THE PROBLEM: Please repeat exactly the lines from the one containing "울릉도는 홍따밥, 오징어내장탕, 따개비칼국수, 꽁치물회, 약소불고기" through the last line of the records below, both included, and leave out any pictures.

INPUT DATA:
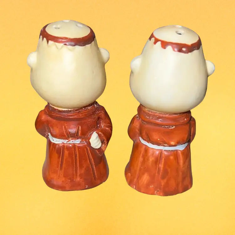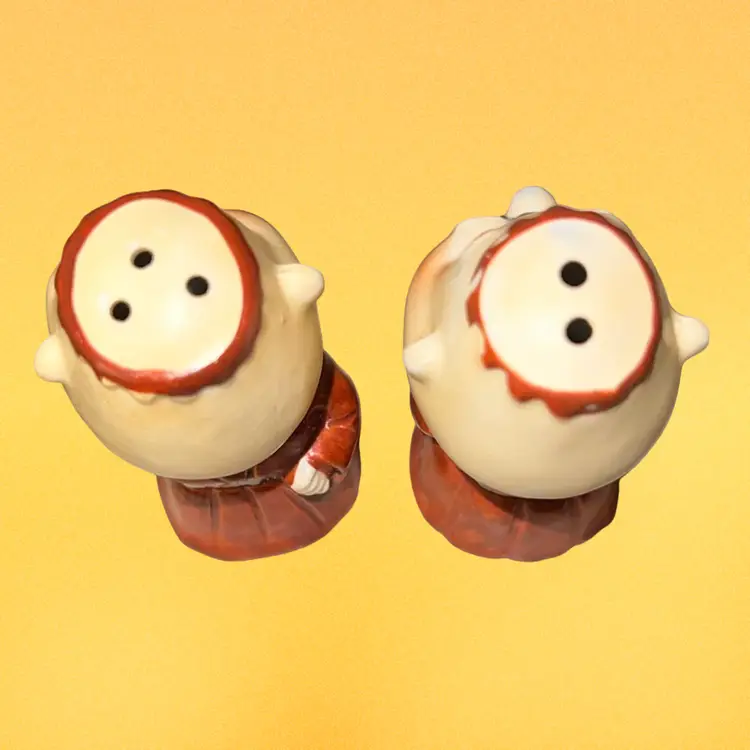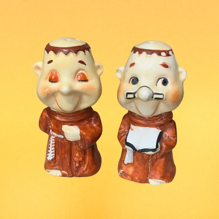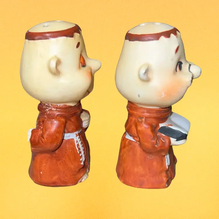 Ceramic friars stoppers intact. 1970s Japan. Stoppers intact. 3”H x 1.5”W. Excellent condition.
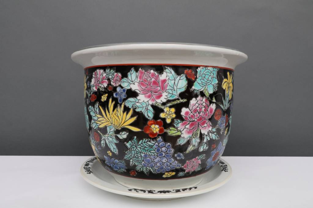 Dieser Porzellan Blumentopf mit einem Durchmesser von 19 Zentimetern besitzt besondere schöne Schwarz mit bunten Blumenmotiv.
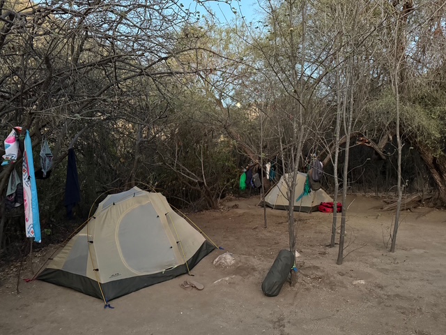 After the hike back out we drove to our campsite for the night, in Santa Rita Canyon, after a stop at Rancho Eco Lodge Sol de Mayo for lunch.
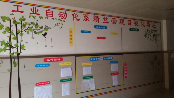 为进一步提高教学管理水平和质量,积极响应“两会”中提质增效的号召,工业自动化系自开学以来,始终坚持精益改善,设计并完成了工业自动化精益管理目视化看板,并于2016年3月投入使用。
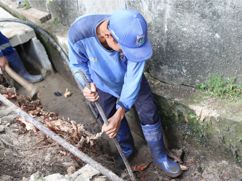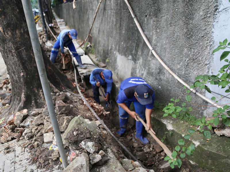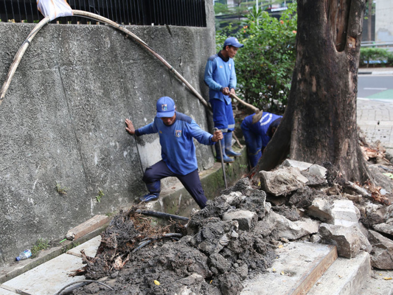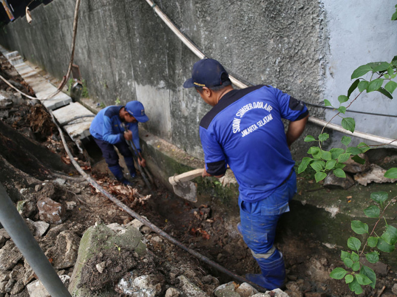 Satuan Pelaksana Sumber Daya Air (Satpel SDA) Kecamatan Setiabudi, Jakarta Selatan, Kamis (15/9), melakukan perbaikan saluran di Jalan Denpasar Raya, Kelurahan Karet Kuningan. Perbaikan ditargetkan rampung dalam waktu satu minggu ke depan. (Foto: Reza Hapiz/beritajakarta.id)
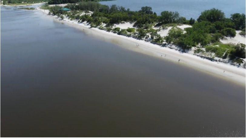 Lake Winnipeg is a shallow lake. At Grand Beach a person can walk out 200 meters no problem. There are also many sand bars that rise above the surface.
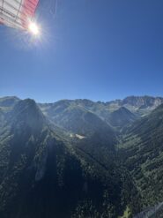 Volo panoramico appena svalicata la cresta del Marguareis, possibile atterraggio intermedio al Rifugio Garelli o, con poca quota, in un grosso prato posto sotto la cima Bartivolera. Sconsigliato l’atterraggio a Pian delle Gorre, venti turbolenti e tantissima gente che fa pic-nic.
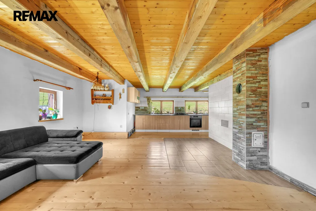 V Rokytnici v Orlických horách, místní části Prostřední Rokytnice se uprostřed pastvin nachází pozemek o celkové výměře 1.873 m2 s rodinným domem, který je současnými majiteli využíván jako chalupa pro rekreaci. Kolaudace stavby proběhla v roce 2015. V tuto chvíli je obyvatelné 1. nadzemní podlaží. Nalezneme zde prostorný obývací pokoj s kuchyňským koutem, pokoj využívaný jako hala, ložnici, zádveří, koupelnu a dílnu se skladem pro nářadí. Podkroví v tuto chvíli slouží jako půda, je s ní však počítáno pro vybudování obytných místností.
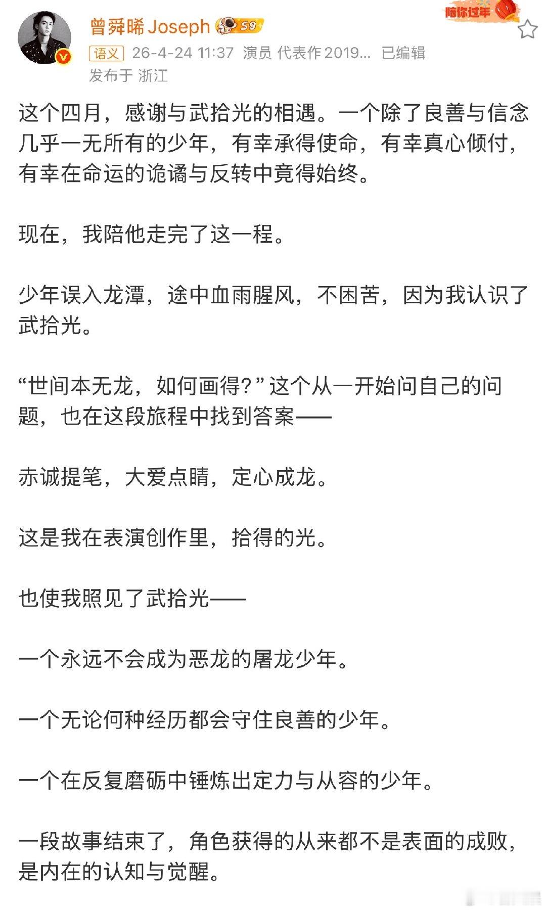 曾舜晞感谢导演曾舜晞武拾光双向成长 曾舜晞收官格局拉满!感谢导演的成全,他演活了永远不变成恶龙的少年,也在角色里完成了自我觉醒与成长。
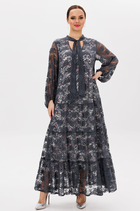 Вечернее платье макси   из кружевного полотна, на подкладке, трапециевидного силуэта — дополнение любого образа. Отличный вариан на любое торжество.   По горловине V-образный вырез и стойка переходящая в бант. Рукав расширенный к низу, на резинке, фигурный. По полочке и спинке идут 3 присобранных волана.  Длина платья (по спинке):(50-54) 135см. Длина рукава: (50-60)-56см.
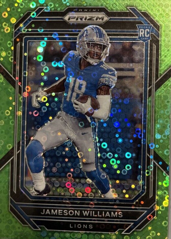 This card is 1 of 82 Jameson Williams' card variations in the 2022 Prizm set being tracked by Sports Card Investor, including Base, Green, Green Ice, Light Blue, and No Huddle.
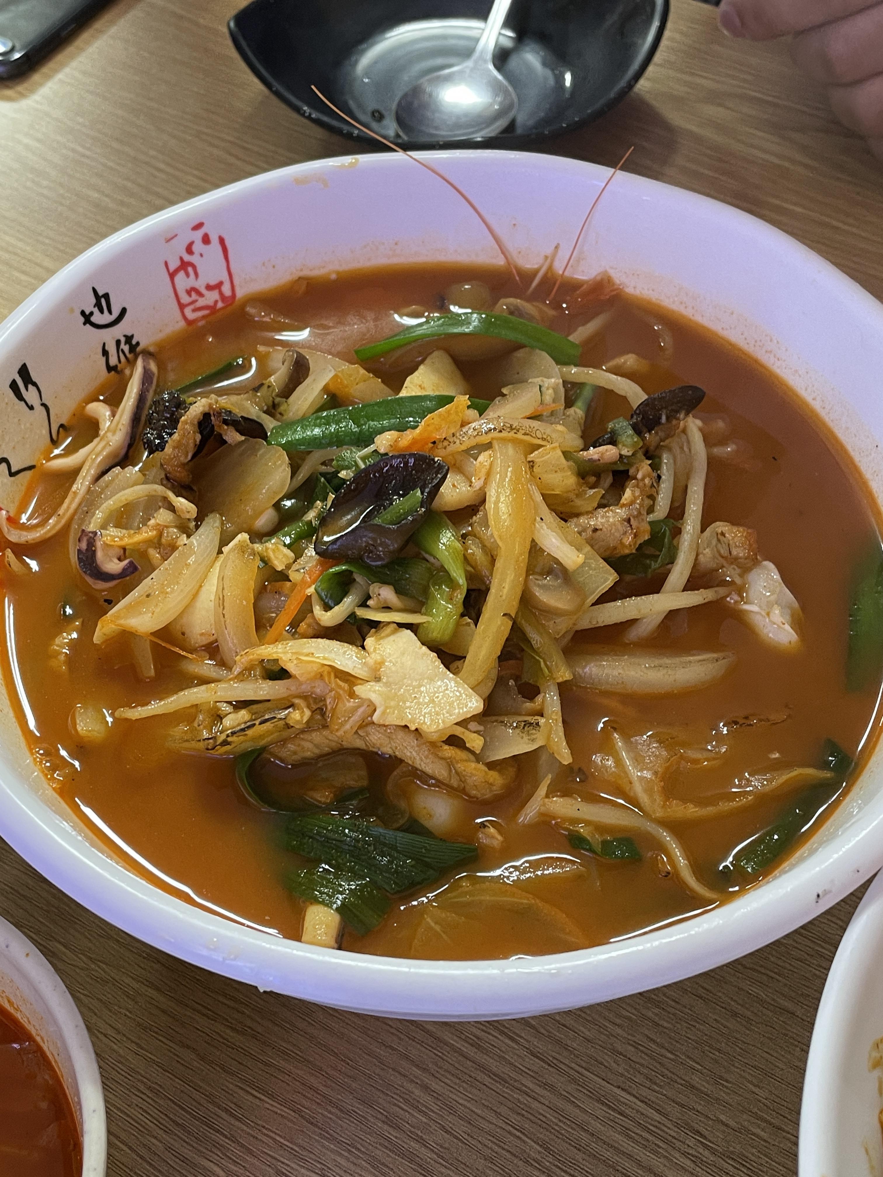 울릉도는 홍따밥, 오징어내장탕, 따개비칼국수, 꽁치물회, 약소불고기 다양한 음식들이 유명하잖아요~ 하지만 속세의 맛(?)이 생각날 즈음에 ㅎㅎ 가보세요. 특별한 맛은 아니어도 가득한 해물에 행복해진답니다.
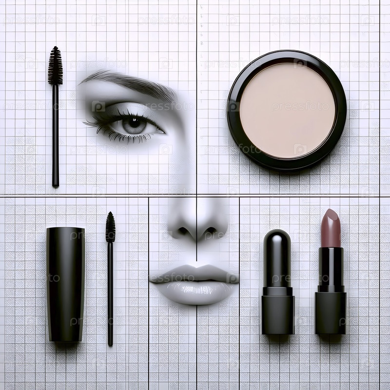 Плоская полоса головоломки лица: косметические изделия рядом с круглыми вырезками их применения, Ai generated image
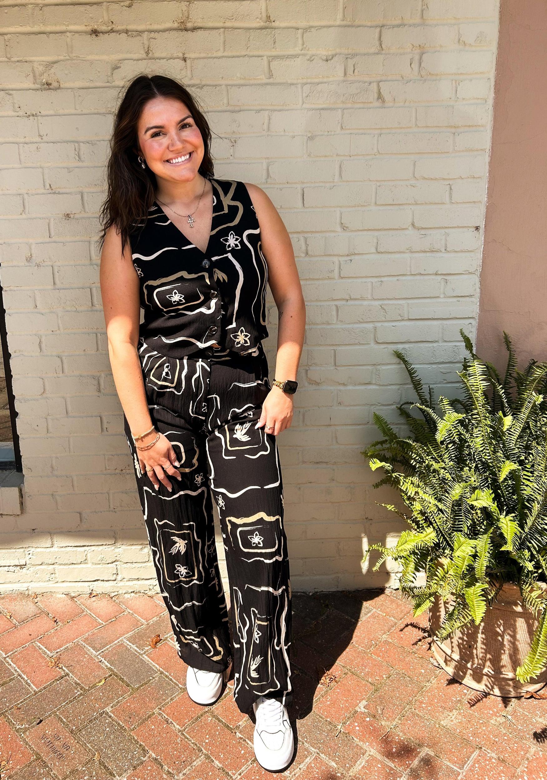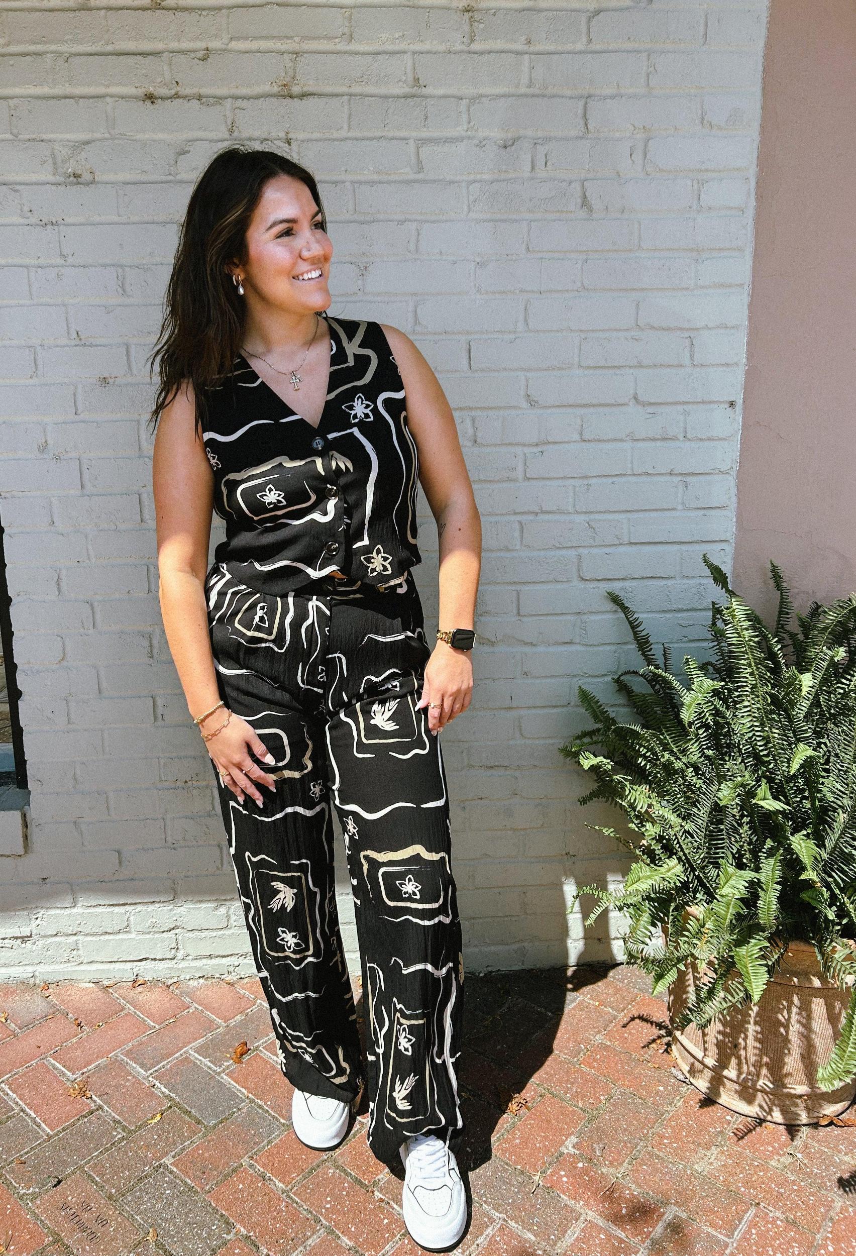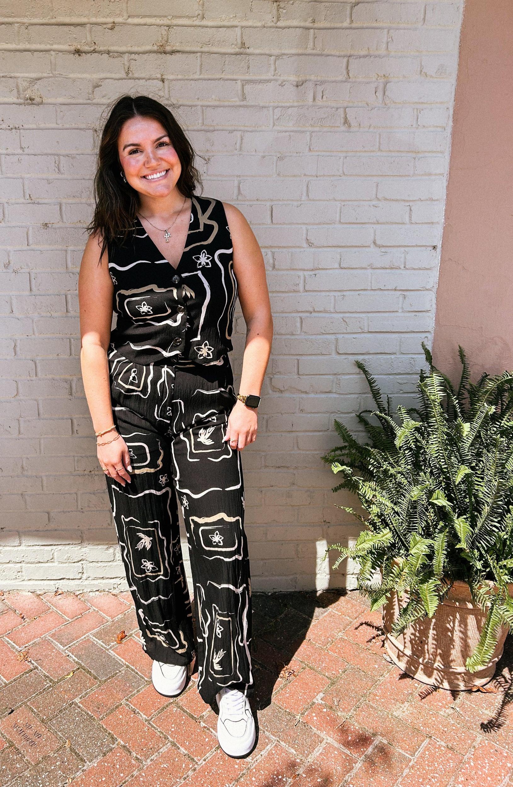 Turn heads in the playful Spencer Printed Vest & Pant Set! With a vibrant print, button down vest, and trendy pointed hem, this set is perfect for any occasion. The wide pants feature slant hip pockets, a pleated waist, and button and zip closure. Don't miss out on this unique and stylish outfit!
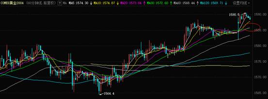 COMEX04黄金期货1小时K线图
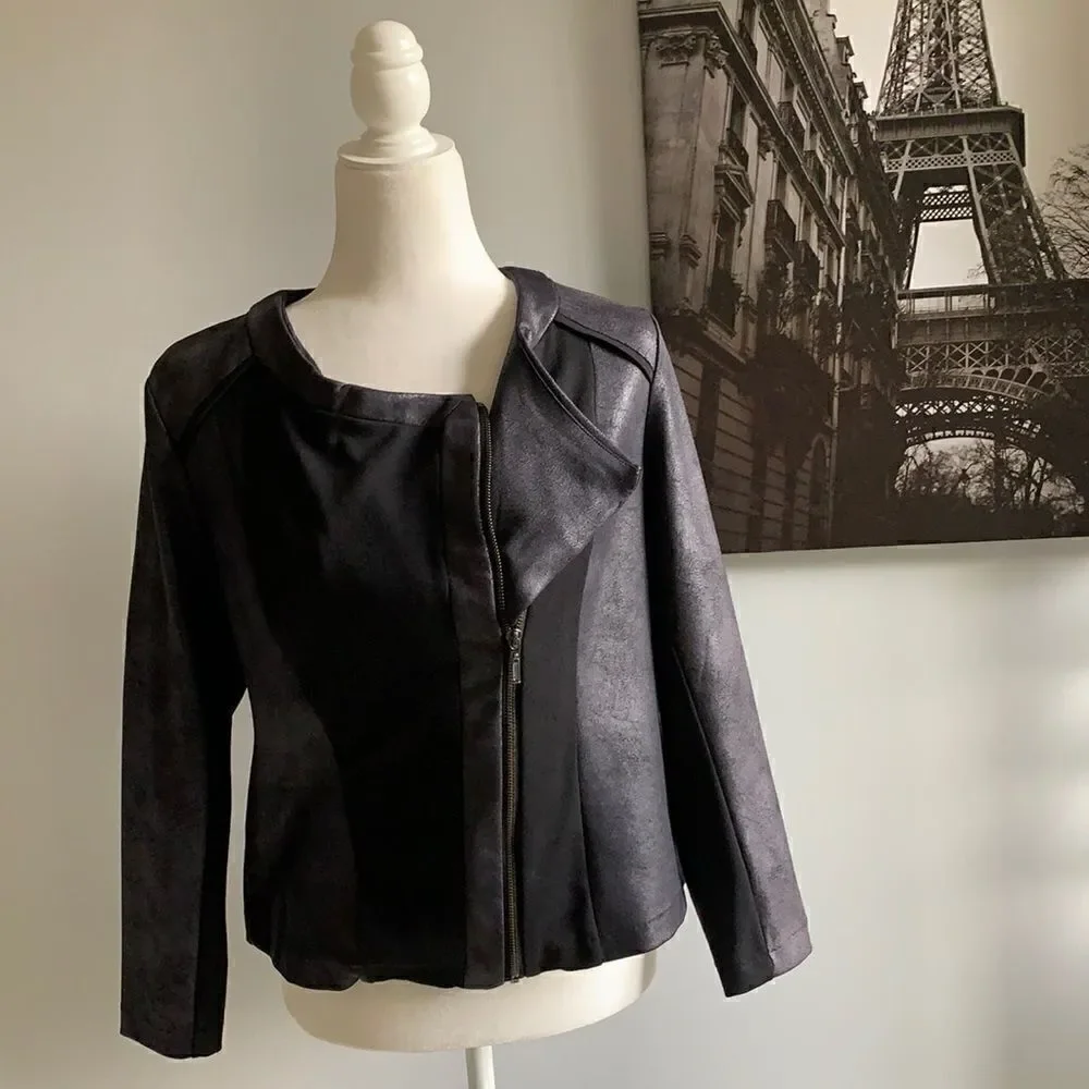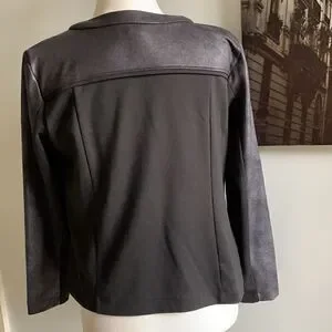 Adorable Style & Co zip front jacket in black/gunmetal. Wear zipper up or open for different looks. Can be worn with dress pants, jeans, or as a cute topper to a little black dress. Size PM. Worn once.

COMPLETED EXERCISE:
 울릉도는 홍따밥, 오징어내장탕, 따개비칼국수, 꽁치물회, 약소불고기 다양한 음식들이 유명하잖아요~ 하지만 속세의 맛(?)이 생각날 즈음에 ㅎㅎ 가보세요. 특별한 맛은 아니어도 가득한 해물에 행복해진답니다.
 Плоская полоса головоломки лица: косметические изделия рядом с круглыми вырезками их применения, Ai generated image
 Turn heads in the playful Spencer Printed Vest & Pant Set! With a vibrant print, button down vest, and trendy pointed hem, this set is perfect for any occasion. The wide pants feature slant hip pockets, a pleated waist, and button and zip closure. Don't miss out on this unique and stylish outfit!
 COMEX04黄金期货1小时K线图
 Adorable Style & Co zip front jacket in black/gunmetal. Wear zipper up or open for different looks. Can be worn with dress pants, jeans, or as a cute topper to a little black dress. Size PM. Worn once.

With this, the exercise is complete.